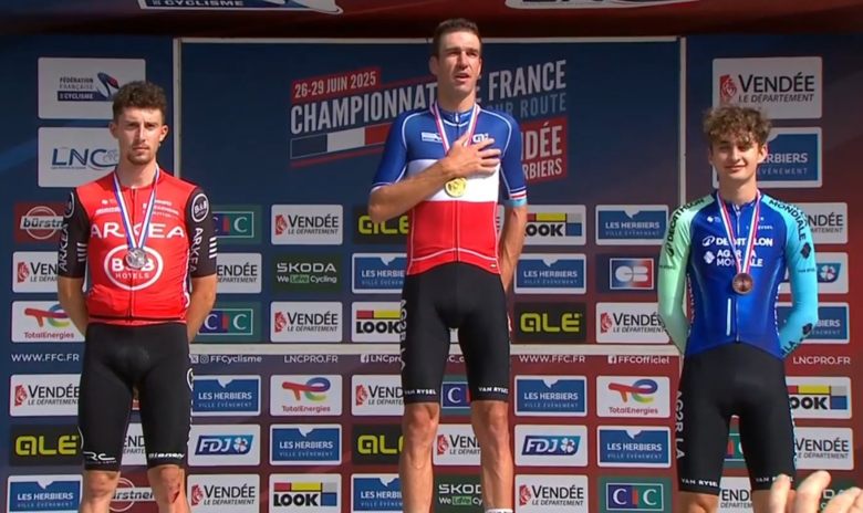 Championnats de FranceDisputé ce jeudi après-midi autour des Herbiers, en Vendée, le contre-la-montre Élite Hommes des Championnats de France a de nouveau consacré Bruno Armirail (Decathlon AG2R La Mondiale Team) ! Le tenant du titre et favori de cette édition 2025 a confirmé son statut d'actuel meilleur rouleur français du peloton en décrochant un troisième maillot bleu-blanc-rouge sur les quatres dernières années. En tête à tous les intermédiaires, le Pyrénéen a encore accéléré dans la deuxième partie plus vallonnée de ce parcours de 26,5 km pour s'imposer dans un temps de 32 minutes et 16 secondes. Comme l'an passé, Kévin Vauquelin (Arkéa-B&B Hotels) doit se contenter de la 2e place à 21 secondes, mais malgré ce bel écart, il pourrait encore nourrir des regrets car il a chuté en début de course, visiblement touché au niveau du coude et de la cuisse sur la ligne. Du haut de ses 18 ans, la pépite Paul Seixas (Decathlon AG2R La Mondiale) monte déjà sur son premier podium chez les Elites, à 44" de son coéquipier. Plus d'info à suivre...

::::::

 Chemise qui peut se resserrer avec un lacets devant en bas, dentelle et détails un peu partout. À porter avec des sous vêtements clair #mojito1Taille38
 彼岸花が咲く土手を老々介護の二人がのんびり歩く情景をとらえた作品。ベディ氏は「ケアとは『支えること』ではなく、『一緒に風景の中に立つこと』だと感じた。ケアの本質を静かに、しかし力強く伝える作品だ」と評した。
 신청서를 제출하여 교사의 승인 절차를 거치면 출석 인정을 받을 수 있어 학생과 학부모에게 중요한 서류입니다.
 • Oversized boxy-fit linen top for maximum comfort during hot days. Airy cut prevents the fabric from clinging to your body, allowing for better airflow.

::::::

About this exercise
Among the records above, extract exactly the lines from the line with "彼岸花が咲く土手を老々介護の" to the line with "for better airflow.", both lines included, and leave out the rest.

Answer
 彼岸花が咲く土手を老々介護の二人がのんびり歩く情景をとらえた作品。ベディ氏は「ケアとは『支えること』ではなく、『一緒に風景の中に立つこと』だと感じた。ケアの本質を静かに、しかし力強く伝える作品だ」と評した。
 신청서를 제출하여 교사의 승인 절차를 거치면 출석 인정을 받을 수 있어 학생과 학부모에게 중요한 서류입니다.
 • Oversized boxy-fit linen top for maximum comfort during hot days. Airy cut prevents the fabric from clinging to your body, allowing for better airflow.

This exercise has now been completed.